EXERCISE PROMPT: Repeat the whole listing below precisely. Omit all pictures.

EXERCISE DATA:
+ + + + +
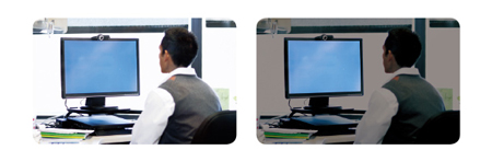 • Automatycznie przyciemnia ekran monitora w słabo oświetlonych lub przy ciemnym ustawieniu oświetlenia.
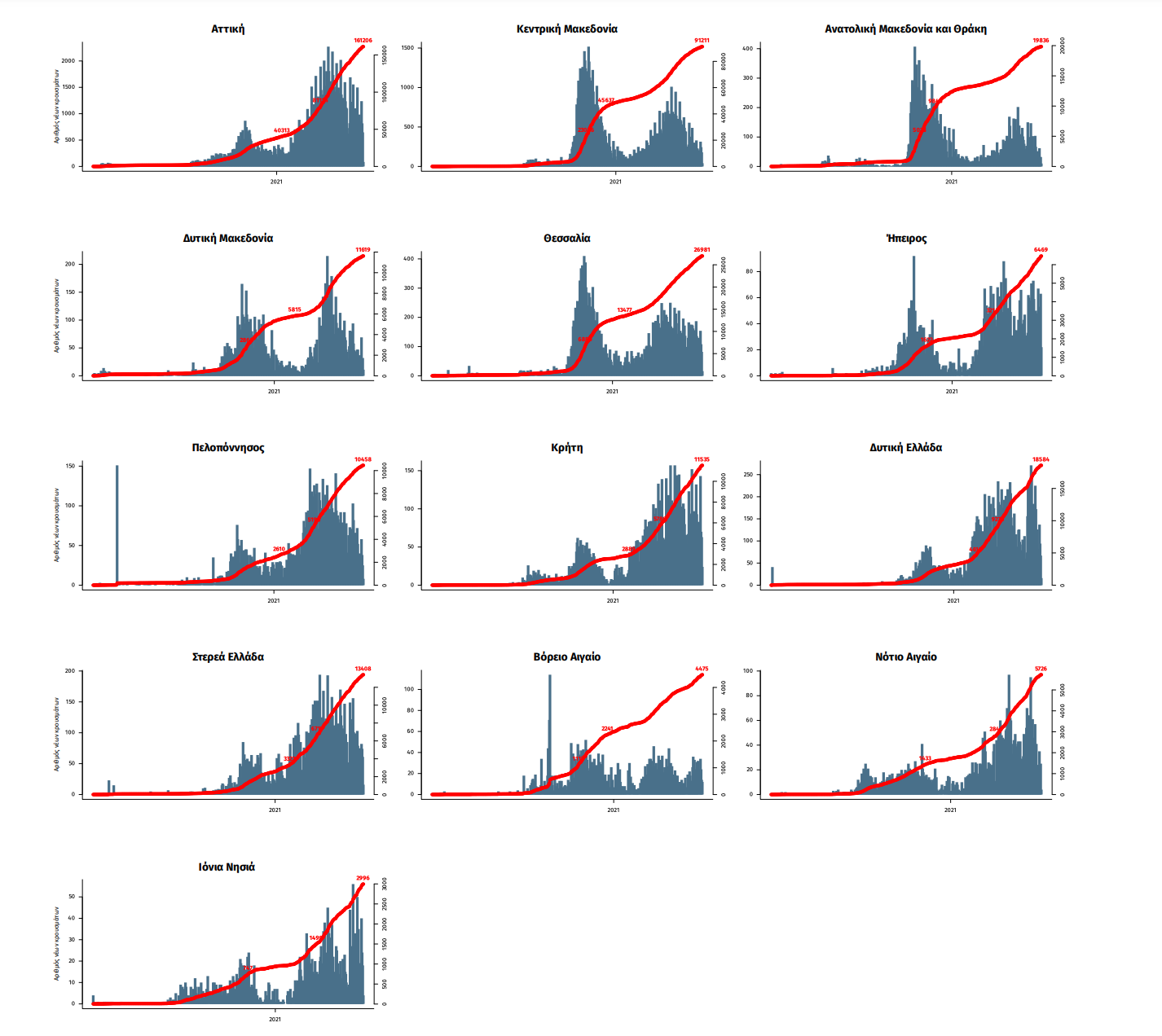 Παράρτημα 1: Επιδημικές καμπύλες κρουσμάτων COVID-19 με βάση την δηλωθείσα διεύθυνση μόνιμης κατοικίας του κρούσματος ή τη διεύθυνση προσωρινής διαμονής για τους τουρίστες και άλλους προσωρινά διαμένοντες στην Ελλάδα. Συμπεριλαμβάνονται τόσο κρούσματα με ιστορικό ταξιδίου όσο και κρούσματα με πιθανή εγχώρια μετάδοση.
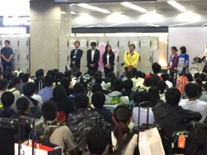 解団式を行い,お世話になった添乗員の方々,
+ + + + +
YOUR RESPONSE:
 • Automatycznie przyciemnia ekran monitora w słabo oświetlonych lub przy ciemnym ustawieniu oświetlenia.
 Παράρτημα 1: Επιδημικές καμπύλες κρουσμάτων COVID-19 με βάση την δηλωθείσα διεύθυνση μόνιμης κατοικίας του κρούσματος ή τη διεύθυνση προσωρινής διαμονής για τους τουρίστες και άλλους προσωρινά διαμένοντες στην Ελλάδα. Συμπεριλαμβάνονται τόσο κρούσματα με ιστορικό ταξιδίου όσο και κρούσματα με πιθανή εγχώρια μετάδοση.
 解団式を行い,お世話になった添乗員の方々,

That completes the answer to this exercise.